DIRECTIONS: Search the records for the string "with", and show each line where it appears.

INPUT DATA:
┄┄┄┄┄┄
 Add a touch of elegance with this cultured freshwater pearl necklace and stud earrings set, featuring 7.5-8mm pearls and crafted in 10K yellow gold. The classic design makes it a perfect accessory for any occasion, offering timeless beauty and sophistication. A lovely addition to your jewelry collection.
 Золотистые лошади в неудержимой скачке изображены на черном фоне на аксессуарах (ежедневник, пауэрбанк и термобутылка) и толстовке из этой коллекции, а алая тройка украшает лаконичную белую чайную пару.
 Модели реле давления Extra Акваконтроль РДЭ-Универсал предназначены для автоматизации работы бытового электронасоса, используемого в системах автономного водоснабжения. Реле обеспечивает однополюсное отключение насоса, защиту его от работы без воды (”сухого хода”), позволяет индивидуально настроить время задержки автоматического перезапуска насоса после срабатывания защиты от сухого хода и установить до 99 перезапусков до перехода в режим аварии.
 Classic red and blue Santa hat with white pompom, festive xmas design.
┄┄┄┄┄┄
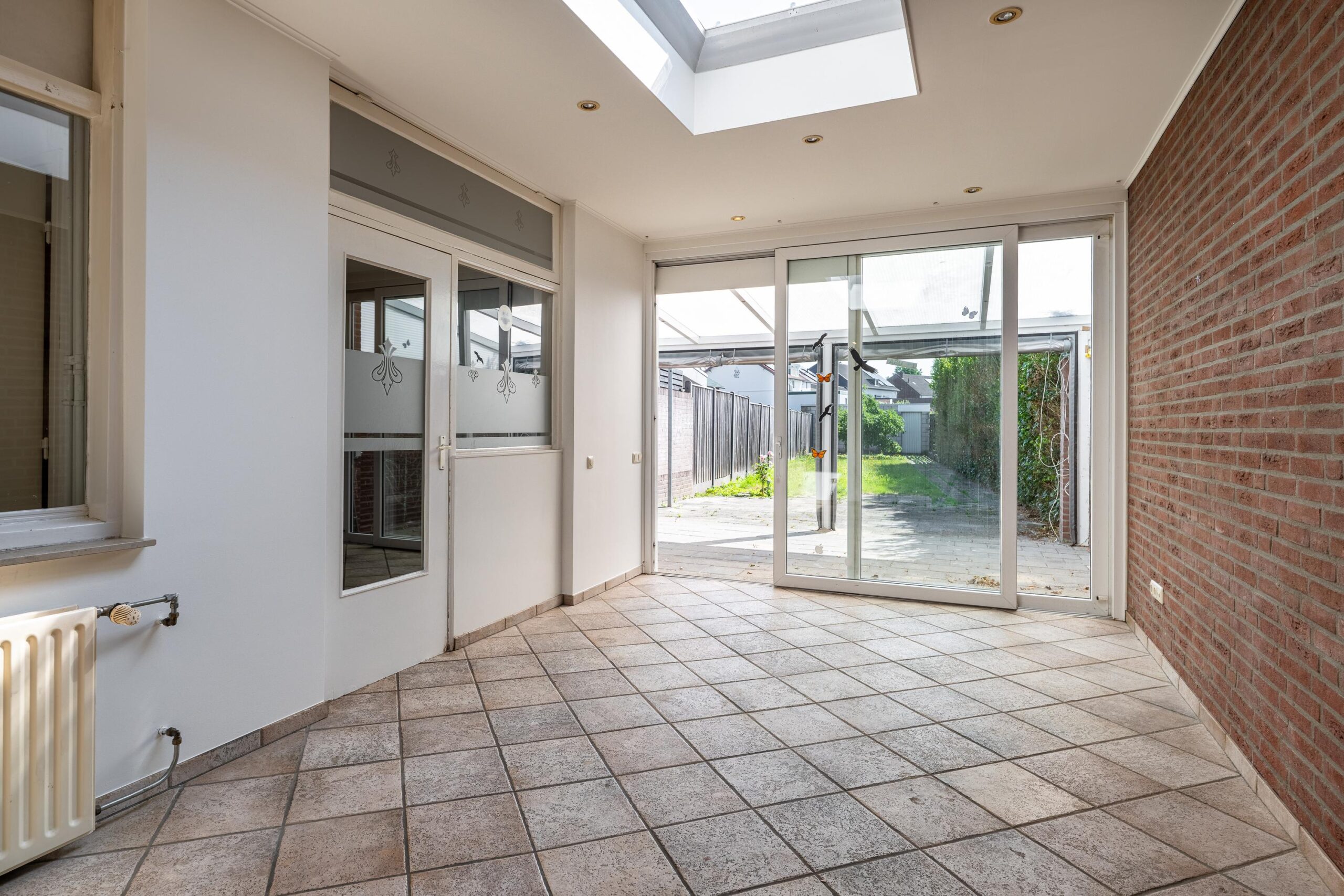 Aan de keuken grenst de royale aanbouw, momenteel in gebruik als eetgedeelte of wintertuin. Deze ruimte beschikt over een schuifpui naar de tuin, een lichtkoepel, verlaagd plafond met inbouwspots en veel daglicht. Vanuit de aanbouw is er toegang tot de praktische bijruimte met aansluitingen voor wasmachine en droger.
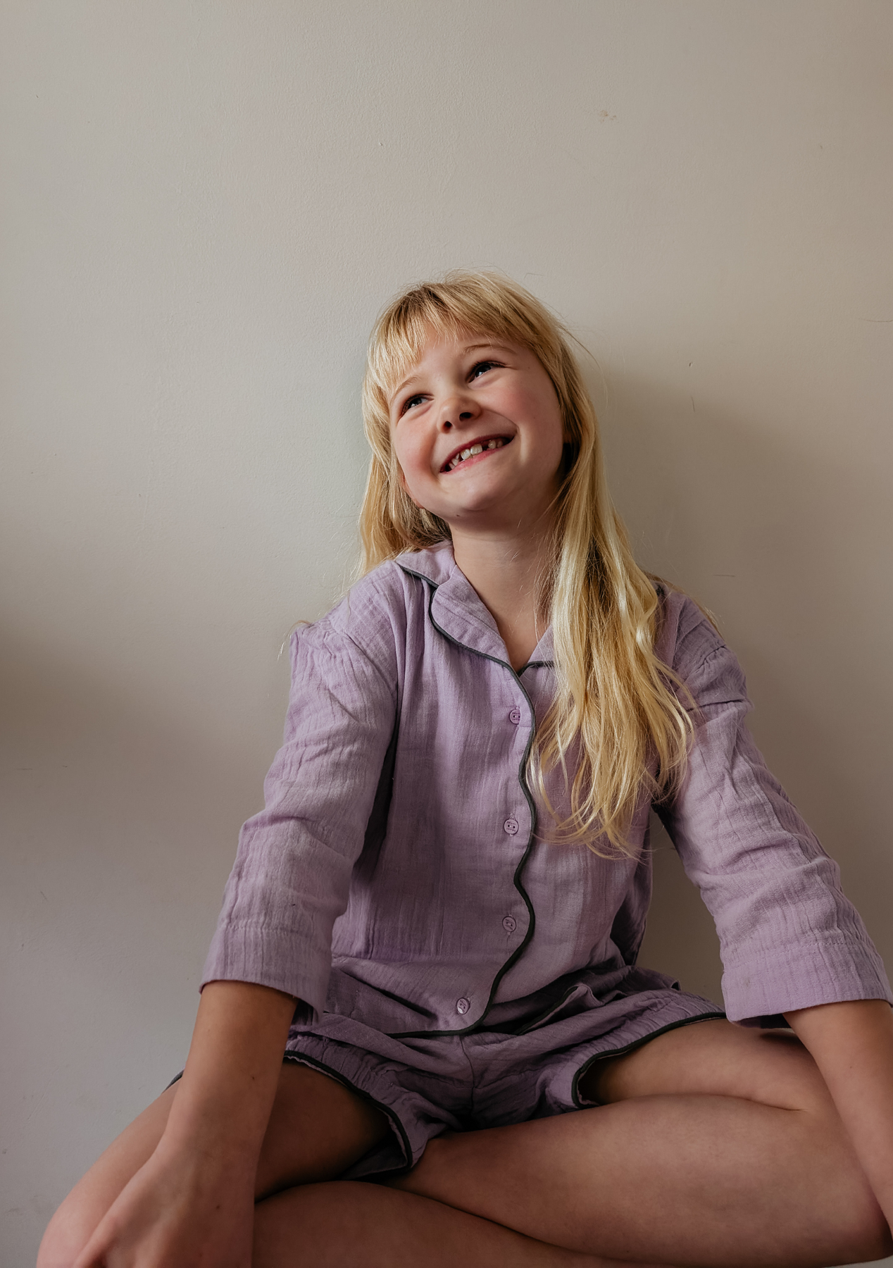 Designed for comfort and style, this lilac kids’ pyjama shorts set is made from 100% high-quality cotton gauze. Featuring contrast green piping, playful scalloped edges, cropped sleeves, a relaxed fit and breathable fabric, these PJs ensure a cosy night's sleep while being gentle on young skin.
┄┄┄┄┄┄
EXERCISE SOLUTION:
 Add a touch of elegance with this cultured freshwater pearl necklace and stud earrings set, featuring 7.5-8mm pearls and crafted in 10K yellow gold. The classic design makes it a perfect accessory for any occasion, offering timeless beauty and sophistication. A lovely addition to your jewelry collection.
 Classic red and blue Santa hat with white pompom, festive xmas design.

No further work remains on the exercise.